Unfortunately for the Times, while digital subscriptions are growing, print advertising— which still generates the lion’s share of the company’s revenue, although a smaller proportion than in the past— is still in free fall.
In the most recent quarter, revenue from print ads fell by a whopping 20%, and the paper has seen similar double-digit declines every quarter for the past year or more. In 2016 as a whole, print ad revenue dropped by 16%. This is what Thompson described in a comment to his own paper as the “significant headwinds” the Times is facing.
Note: This was originally published at Fortune, where I was a senior writer from 2015 to 2017
The paper’s digital advertising revenue is rising, but it is still a smaller part of the whole than print is, accounting for 42% of the total ad revenue in the last quarter. And in some cases that revenue costs more than print does, because the Times has had to add staff to roll out native advertising (which is more labor intensive) as well as video.
In the most recent quarter, the Times‘ net income dropped by 27%, and for the full year it was down by 62%. Adjusted operating profit fell by almost 17%, and revenue declined by 1.5%.
In a nutshell, the company is trying to increase the amount of money it brings in from digital subscriptions and digital advertising quickly enough to offset the steep declines on the print side.
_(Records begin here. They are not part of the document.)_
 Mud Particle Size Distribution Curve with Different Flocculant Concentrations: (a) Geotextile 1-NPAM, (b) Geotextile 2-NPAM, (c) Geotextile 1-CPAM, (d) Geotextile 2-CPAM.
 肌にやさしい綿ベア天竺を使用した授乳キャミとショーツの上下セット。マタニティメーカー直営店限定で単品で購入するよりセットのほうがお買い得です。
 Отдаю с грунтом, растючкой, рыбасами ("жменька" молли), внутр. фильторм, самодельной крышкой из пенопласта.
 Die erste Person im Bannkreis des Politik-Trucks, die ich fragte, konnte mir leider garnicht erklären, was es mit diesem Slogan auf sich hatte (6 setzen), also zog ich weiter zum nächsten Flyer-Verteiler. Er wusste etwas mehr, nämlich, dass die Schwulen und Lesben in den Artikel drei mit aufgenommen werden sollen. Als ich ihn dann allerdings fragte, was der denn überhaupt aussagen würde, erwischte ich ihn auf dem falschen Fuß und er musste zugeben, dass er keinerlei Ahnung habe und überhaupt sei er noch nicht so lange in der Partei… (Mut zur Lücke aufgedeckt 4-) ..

Getting a boost from Donald Trump has helped it do so over the past three months, but that’s not enough to get it over the hump completely.
In order to get digital to the point where it is compensating for print’s decline, the Times would have to add as many new subscribers this quarter as it did in the last quarter, and then do so again in the next quarter, and the one after that, and the one after that.
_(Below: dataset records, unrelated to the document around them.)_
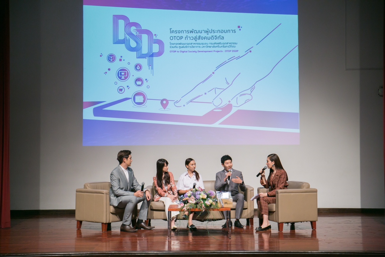 ทั้งนี้ ภายในงานมีดารา นักแสดง ศิษย์เก่า และศิษย์ปัจจุบัน มหาวิทยาลัยศรีนครินทร์วิโรฒ และนักแสดงรับเชิญพิเศษ มาร่วมเสวนาพิเศษในหัวข้อ “OTOP กับก้าวสู่สังคมดิจิทัล” ได้แก่ คุณแอมป์ พีรวัศ กุลนันท์วัฒน์ เจ้าของร้านชิเซน บะหมี่เส้นสด , คุณนูนู่ เจ้าของแบรนด์ MERCI , คาริสา สปริงเก็ตต์ และซีซีน ภัสธรากรณ์ บุษราคัมวดี พร้อมทั้งเชิญชวนให้ผู้ประกอบการ OTOP สมัครเข้าร่วมโครงการ โดยผู้สมัครต้องมีคุณสมบัติในการเป็นผู้ประกอบการ OTOP ไม่ต่ากว่าระดับ 3 ดาว ที่ดาเนินกิจการในสาขาต่าง ๆ ประกอบด้วย ผ้าและเครื่องแต่งกาย ของใช้ ของประดับตกแต่ง และของที่ราลึก สมุนไพรที่ไม่ใช่อาหาร อาหาร-เครื่องดื่ม และ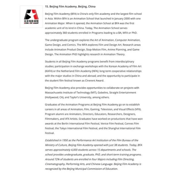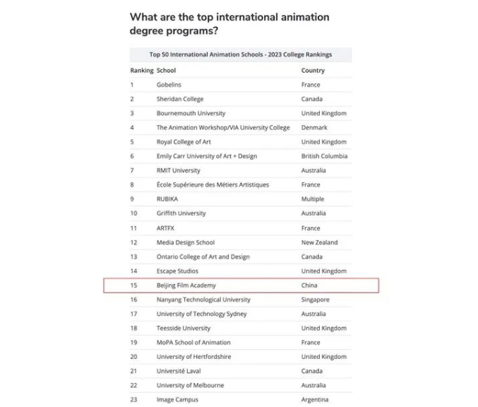 近日,Animation Career Review(AMC STUFF)美国动画职业评论官方发布了2023年国际动画院校前25位排名(排除美国院校),北京电影学院上升2位,晋级至第15名。至此,北京电影学院排名三年中持续晋升,稳居中国高校动画教育的最高排名。
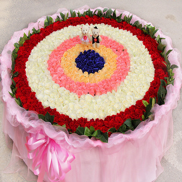 999朵混色玫瑰按图围成圈,栀子叶围边,一对情侣小熊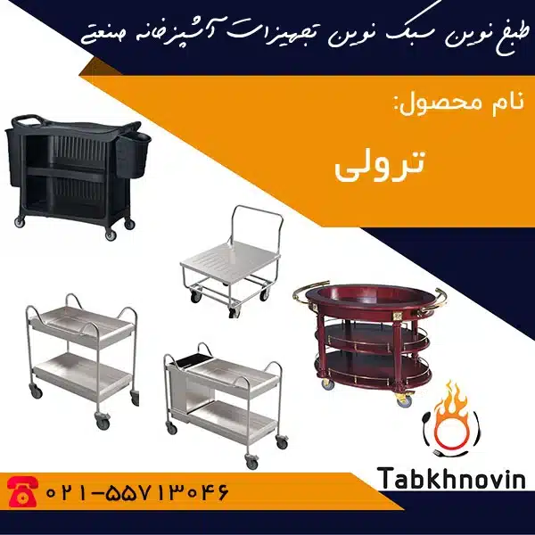 ترولی(trolley) در انواع مختلف برای آشپزخانه ها، رستوران ها، هتل ها و غیره به جهت حمل ظروف، سرو غذا، پذیرایی، جمع آوری ظروف کثیف، حمل چمدان،حمل مواد اولیه، حمل دیگ و غیره استفاده می شود که بر اساس نوع استفاده و کاربری آن، از جنس های مختلفی نظیر استیل، پل اتیلن و چوبی استفاده می شود. ترولی چوبی معمولا برای پذرایی و سرو غذا کاربرد دارد، ترولی های استیل معمولا در آشپزخانه هاص صنعتی و دارای ظرفیت طبخ بالا استفاده می شود و ترولی های پلی اتیلن در کترینگ ها و رستوران های کوچک استفاده می شود. در واقع یکی از تجهیزات لازم و ضروری در آشپزخانه صنعتی، استفاده از ترولی یا ترالی می باشد که حتما در اشپزخانه به آن نیاز خواهیم داشت.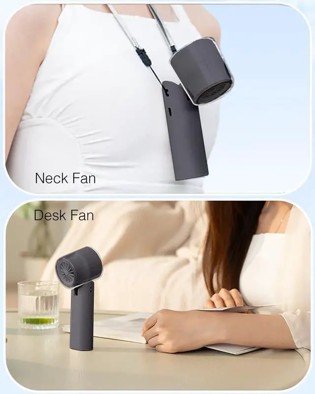 KALAMAN 4-in-1 Portable Fan: Discover the ultimate convenience with our innovative handheld personal fan, designed to offer dual functionality. Seamlessly switch between a portable handheld fan and a practical desk fan to suit your needs. This mini fan comes equipped with a lanyard, allowing you to hang it on the neck for hands-free personal cooling. Super compact, lightweight, and easy to carry, its the perfect companion for work, walks, travel, makeup sessions, or shopping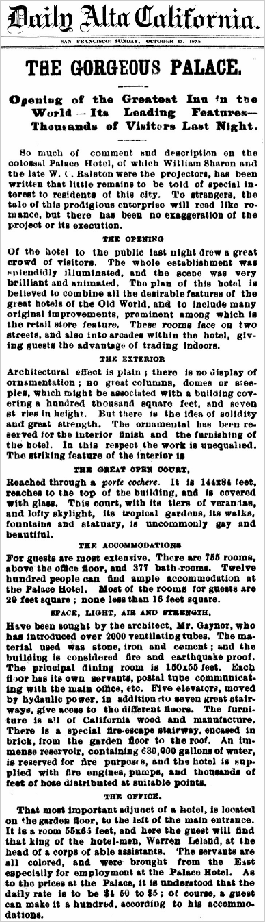 The original Palace Hotel was built by San Francisco banker and entrepreneur William Chapman Ralston who heavily depended on his shaky banking empire to help finance the $5 million project. Although Ralston's Bank of California collapsed in late August 1875, and Ralston himself unexpectedly drowned in San Francisco Bay on the same day that he lost control of the institution, it did not interfere with the opening of the Palace Hotel two months later on October 2, 1875. Ralston's business partner in the project was U.S. Senator William Sharon who had helped cause the collapse of the Bank when he dumped his stock in the Comstock Lode. Sharon ended up in control of the hotel as well as both the Bank and Ralston's debts both of which he paid off at just pennies on the dollar. (Wikipedia)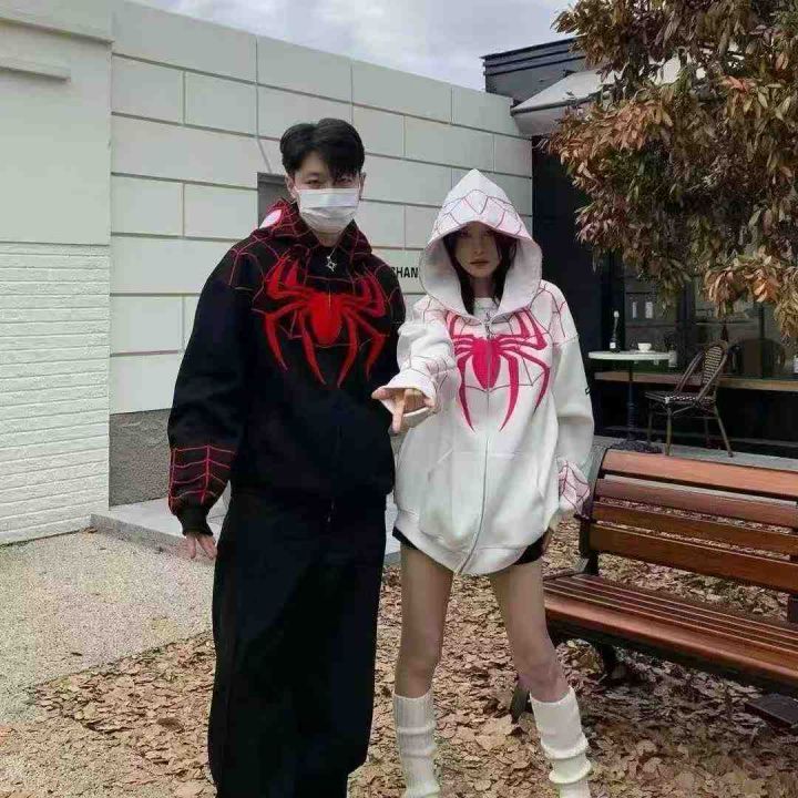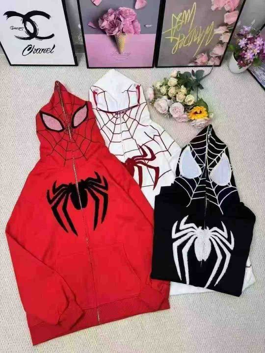 国潮痞帅炸街蜘蛛刺绣男女款连帽开衫卫衣外套260件m-2xL独立包装全清16分货加一
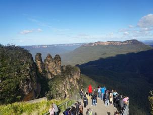 世界遺産ブルーマウンテンツアーでは有名な展望台。スリーシスターズの岩が眺められます。
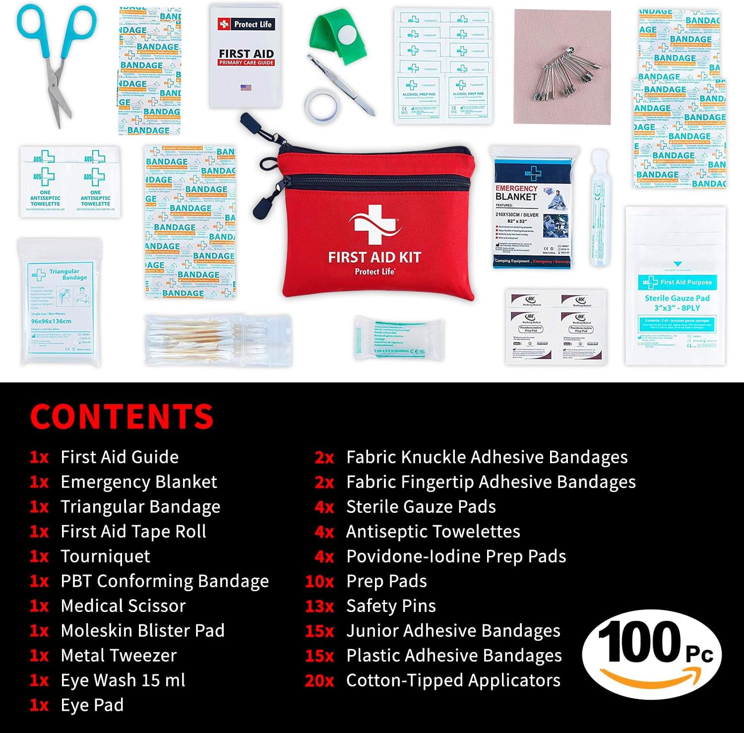 Protect Life Survival First Aid Kit for Home/Business, Camping Survival Kits | Mini Travel First Aid Kit | Camping Equipment | Small Kits for Car | Outdoor Emergency Survivals Pack – 100pcs

The bottom line is that adding 276,000 new subscribers contributed about $10 million at most to the company’s revenue in the fourth quarter. If print continues to drop the way it has been— and there’s no reason to think that it won’t do so, if not accelerate its fall even further—then that means significantly less money coming in every quarter.
Reading between the lines of the company’s quarterly results, print advertising was a little over $100 million in revenue, down about $35 million or so from a year earlier. Digital ad revenue climbed by 10%, or about $7 million. So that means the Times is losing almost twice as much on print every quarter as it is making up in digital subscriptions and ads.
Obviously, as print continues to drop, digital will become an even larger part of the Times‘ business than it already is (it accounts for about 42% of advertising revenue and about 25% of subscription revenue), and the amount of money being lost on print every quarter will therefore continue to shrink.
For now, however, there is still a fairly large gap there, and likely will be for some time. And if print readers of the Times start to cancel their subscriptions in larger numbers, that’s going to eat into revenue significantly as well.
The Times is continuing to experiment with new distribution and revenue models, including a recently announced partnership with Snap for Snapchat’s Discover feature. But it is also widely expected to announce layoffs across the organization soon, in an attempt to cut costs.